Assignment - In the listing that follows, find the line with "Aparat pentru paste", then copy exactly from it through the line with "Ses aquarelles sont", leaving out every picture.

[[ Entries provided open ]]

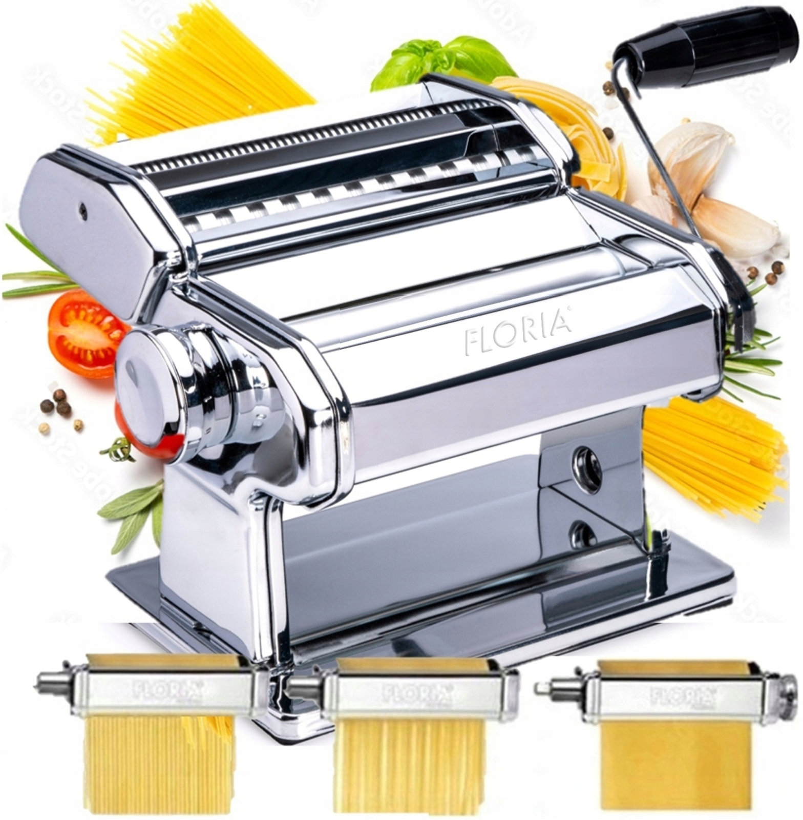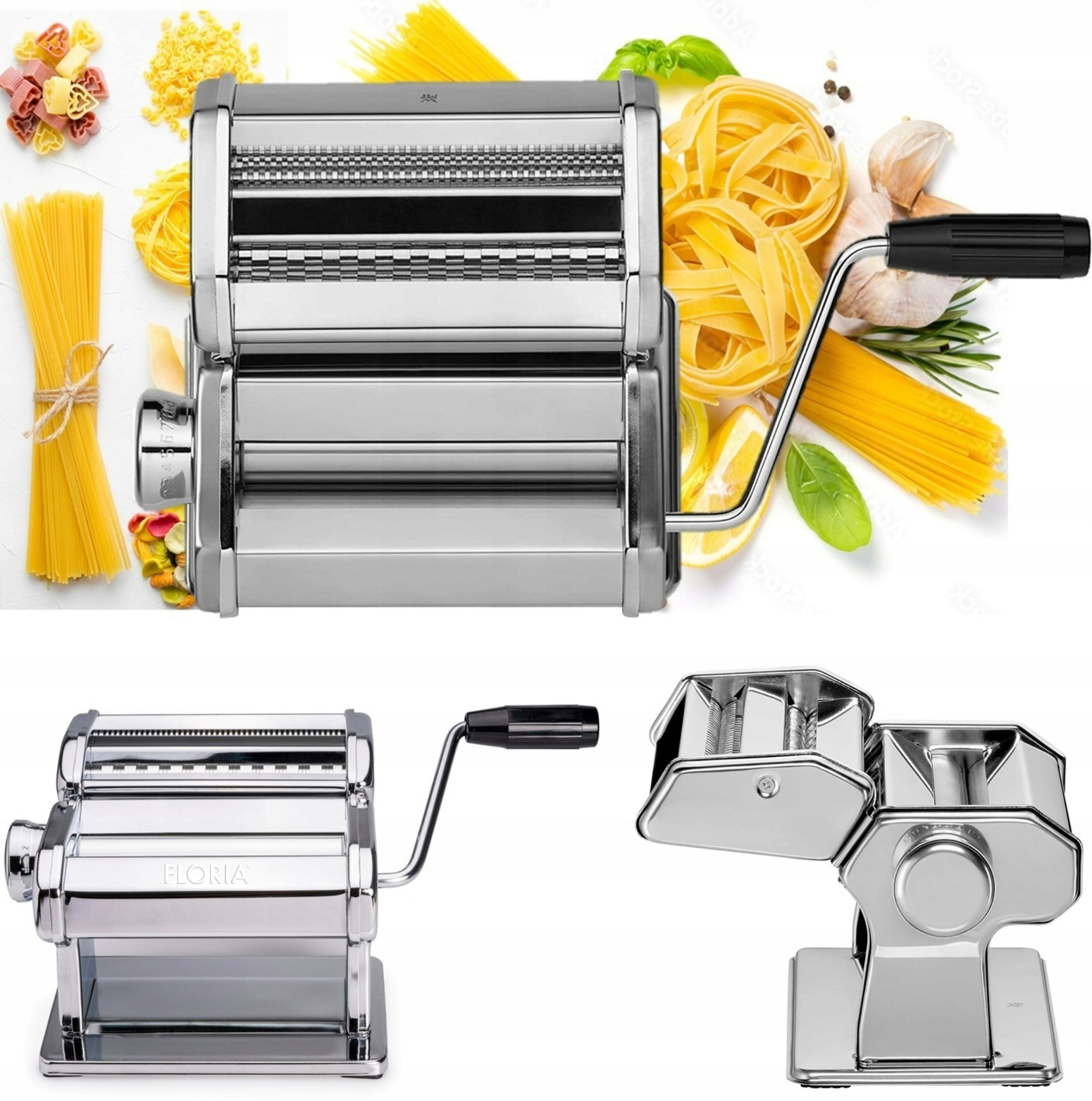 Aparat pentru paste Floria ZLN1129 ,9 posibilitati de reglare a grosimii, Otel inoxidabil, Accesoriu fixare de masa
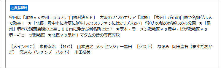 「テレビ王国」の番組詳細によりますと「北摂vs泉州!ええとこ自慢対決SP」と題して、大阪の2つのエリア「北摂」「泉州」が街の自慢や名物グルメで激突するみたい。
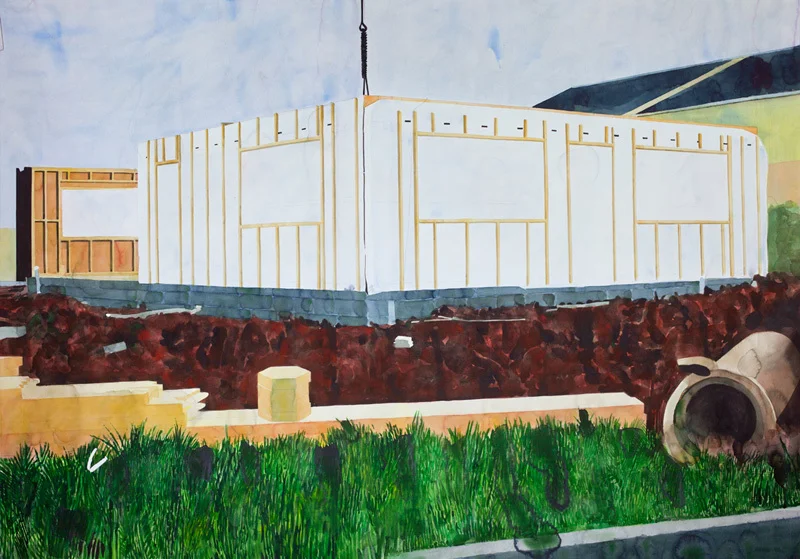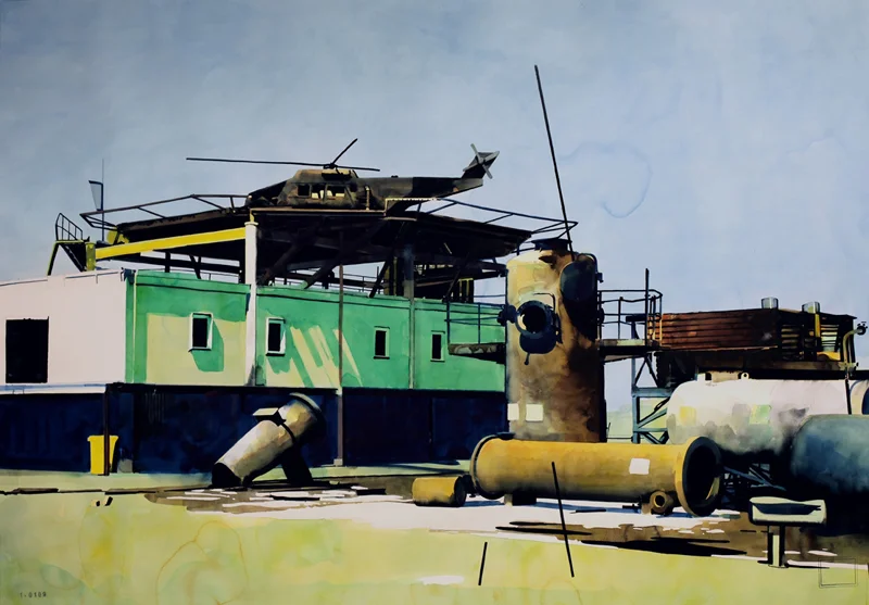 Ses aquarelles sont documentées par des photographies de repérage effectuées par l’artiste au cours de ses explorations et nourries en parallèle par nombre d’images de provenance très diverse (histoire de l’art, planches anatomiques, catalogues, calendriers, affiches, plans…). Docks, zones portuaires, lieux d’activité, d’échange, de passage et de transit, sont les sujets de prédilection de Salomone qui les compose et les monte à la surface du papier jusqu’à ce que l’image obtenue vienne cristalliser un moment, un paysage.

[[ Entries provided closed ]]
[[ Entries provided open ]]

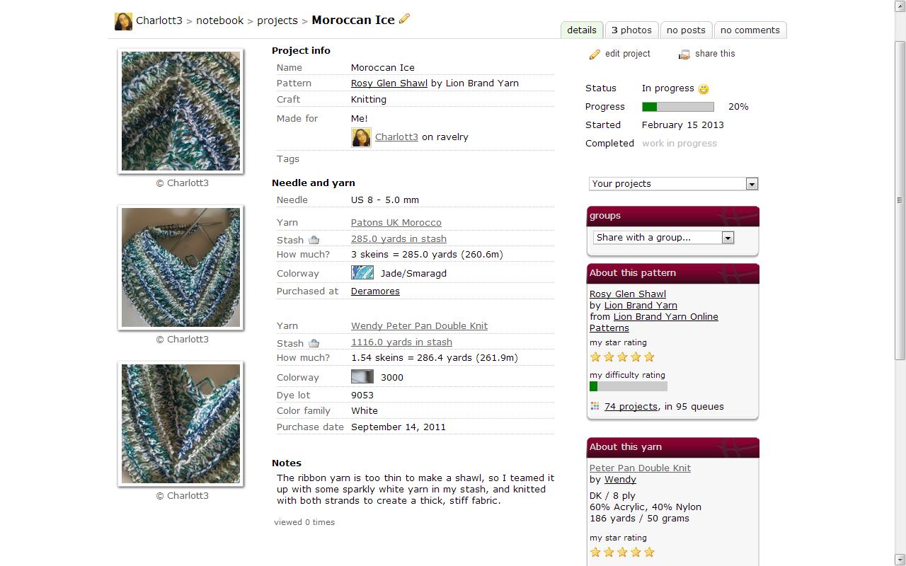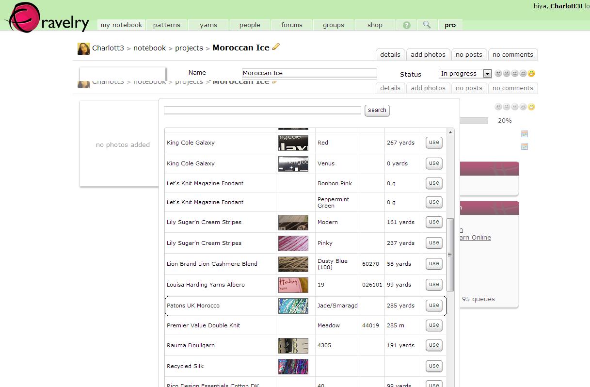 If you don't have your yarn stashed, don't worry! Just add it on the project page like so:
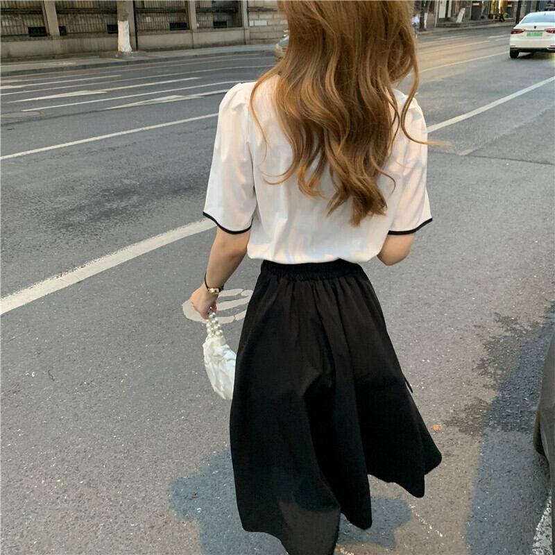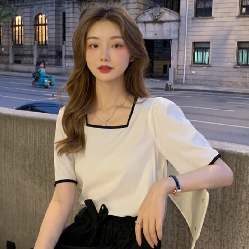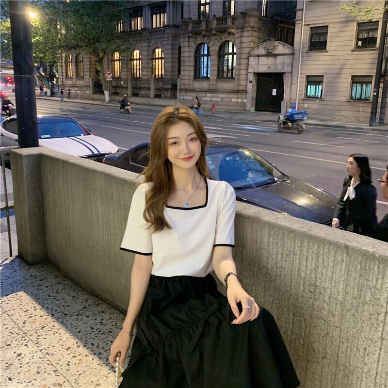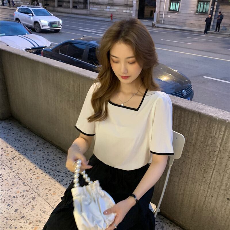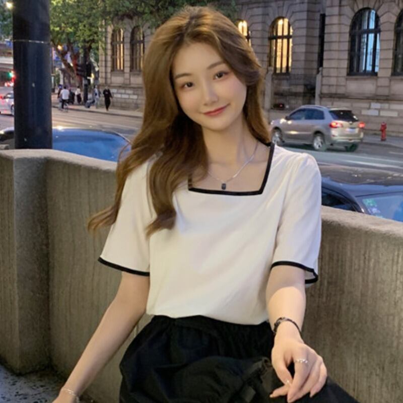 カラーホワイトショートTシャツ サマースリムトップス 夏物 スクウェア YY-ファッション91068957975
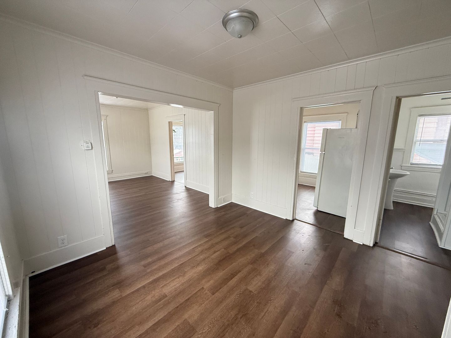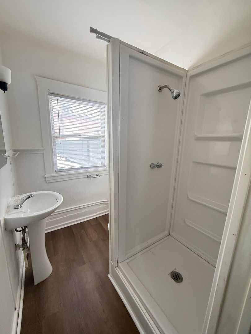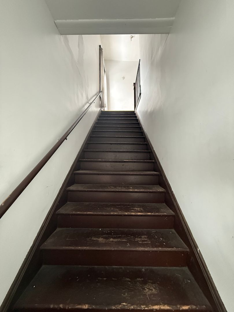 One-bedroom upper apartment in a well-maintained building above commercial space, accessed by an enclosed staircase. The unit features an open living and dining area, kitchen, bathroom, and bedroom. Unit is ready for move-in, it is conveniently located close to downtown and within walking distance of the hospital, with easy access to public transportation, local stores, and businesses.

[[ Entries provided closed ]]

Solution -
 Aparat pentru paste Floria ZLN1129 ,9 posibilitati de reglare a grosimii, Otel inoxidabil, Accesoriu fixare de masa
 「テレビ王国」の番組詳細によりますと「北摂vs泉州!ええとこ自慢対決SP」と題して、大阪の2つのエリア「北摂」「泉州」が街の自慢や名物グルメで激突するみたい。
 Ses aquarelles sont documentées par des photographies de repérage effectuées par l’artiste au cours de ses explorations et nourries en parallèle par nombre d’images de provenance très diverse (histoire de l’art, planches anatomiques, catalogues, calendriers, affiches, plans…). Docks, zones portuaires, lieux d’activité, d’échange, de passage et de transit, sont les sujets de prédilection de Salomone qui les compose et les monte à la surface du papier jusqu’à ce que l’image obtenue vienne cristalliser un moment, un paysage.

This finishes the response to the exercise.